Exactly the lines below starting at the line with "Pour la saison, Stone" and ending at the line with "Улаанбаатар хотын 380" are wanted, with both ends included. Leave out the pictures and add no other lines.

----------------------------------------

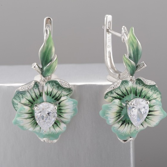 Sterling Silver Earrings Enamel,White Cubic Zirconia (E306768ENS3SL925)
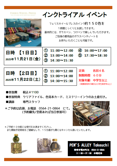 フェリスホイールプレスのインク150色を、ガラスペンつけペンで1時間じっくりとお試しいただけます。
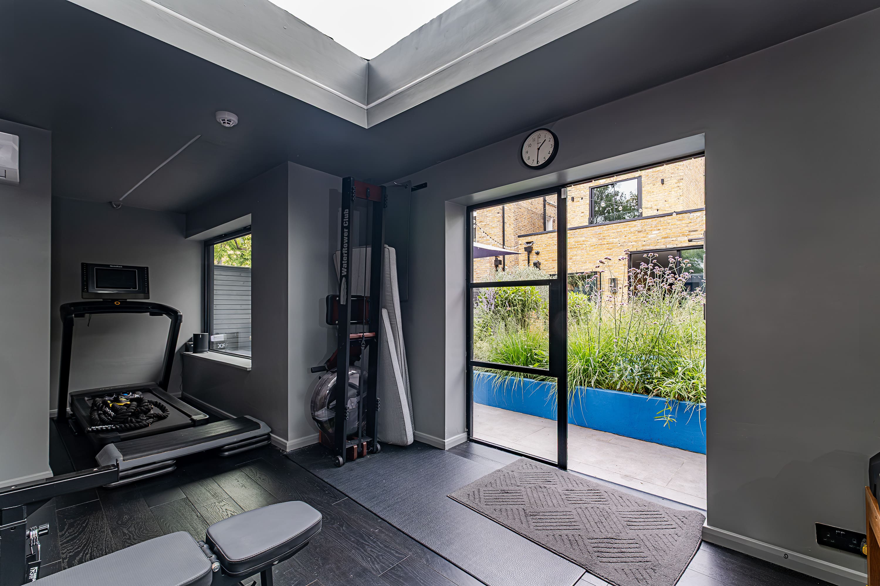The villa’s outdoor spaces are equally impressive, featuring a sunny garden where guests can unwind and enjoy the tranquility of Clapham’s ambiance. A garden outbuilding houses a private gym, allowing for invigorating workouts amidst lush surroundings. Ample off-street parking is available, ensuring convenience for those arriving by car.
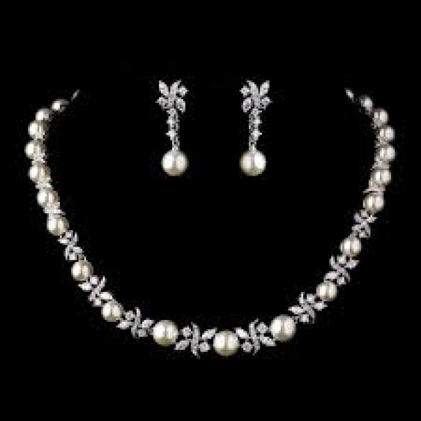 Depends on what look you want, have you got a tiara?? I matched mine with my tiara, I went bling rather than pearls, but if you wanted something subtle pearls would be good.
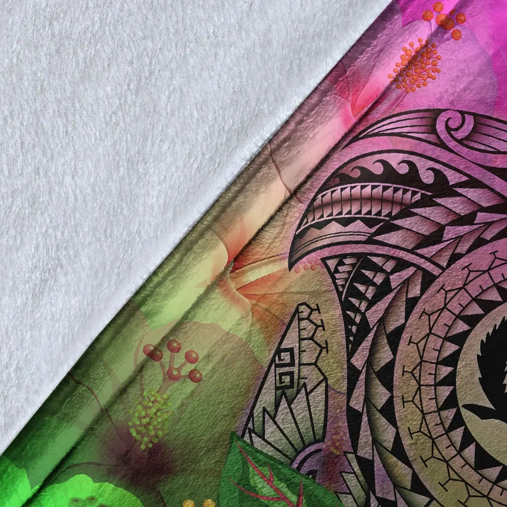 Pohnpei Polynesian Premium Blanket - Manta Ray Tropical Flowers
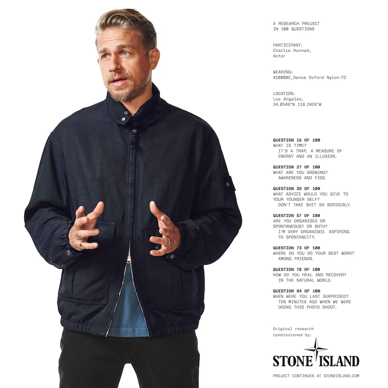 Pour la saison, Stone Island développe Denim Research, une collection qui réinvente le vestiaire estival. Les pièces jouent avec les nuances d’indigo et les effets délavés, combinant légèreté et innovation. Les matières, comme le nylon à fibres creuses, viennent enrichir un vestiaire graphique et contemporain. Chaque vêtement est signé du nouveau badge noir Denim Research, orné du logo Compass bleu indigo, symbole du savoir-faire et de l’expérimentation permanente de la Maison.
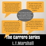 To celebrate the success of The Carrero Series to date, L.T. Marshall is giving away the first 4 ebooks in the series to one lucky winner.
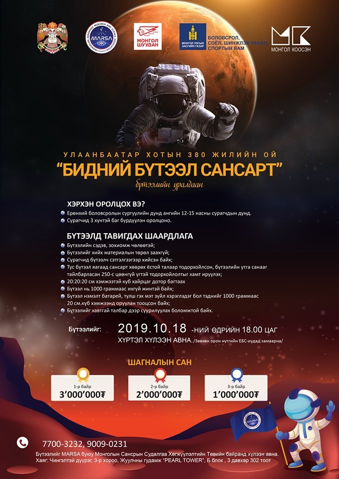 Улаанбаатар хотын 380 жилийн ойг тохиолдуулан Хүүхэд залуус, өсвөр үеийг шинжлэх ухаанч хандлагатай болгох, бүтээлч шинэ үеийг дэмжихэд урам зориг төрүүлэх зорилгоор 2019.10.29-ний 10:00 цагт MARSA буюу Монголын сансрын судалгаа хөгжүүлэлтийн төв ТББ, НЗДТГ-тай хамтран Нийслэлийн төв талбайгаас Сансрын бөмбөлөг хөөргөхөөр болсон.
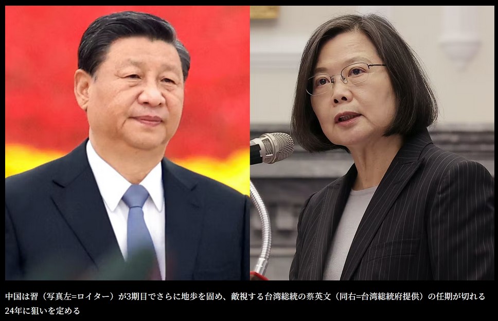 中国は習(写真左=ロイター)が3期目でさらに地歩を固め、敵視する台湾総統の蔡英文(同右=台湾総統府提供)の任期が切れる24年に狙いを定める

----------------------------------------

Problem solution:
 Pour la saison, Stone Island développe Denim Research, une collection qui réinvente le vestiaire estival. Les pièces jouent avec les nuances d’indigo et les effets délavés, combinant légèreté et innovation. Les matières, comme le nylon à fibres creuses, viennent enrichir un vestiaire graphique et contemporain. Chaque vêtement est signé du nouveau badge noir Denim Research, orné du logo Compass bleu indigo, symbole du savoir-faire et de l’expérimentation permanente de la Maison.
 To celebrate the success of The Carrero Series to date, L.T. Marshall is giving away the first 4 ebooks in the series to one lucky winner.
 Улаанбаатар хотын 380 жилийн ойг тохиолдуулан Хүүхэд залуус, өсвөр үеийг шинжлэх ухаанч хандлагатай болгох, бүтээлч шинэ үеийг дэмжихэд урам зориг төрүүлэх зорилгоор 2019.10.29-ний 10:00 цагт MARSA буюу Монголын сансрын судалгаа хөгжүүлэлтийн төв ТББ, НЗДТГ-тай хамтран Нийслэлийн төв талбайгаас Сансрын бөмбөлөг хөөргөхөөр болсон.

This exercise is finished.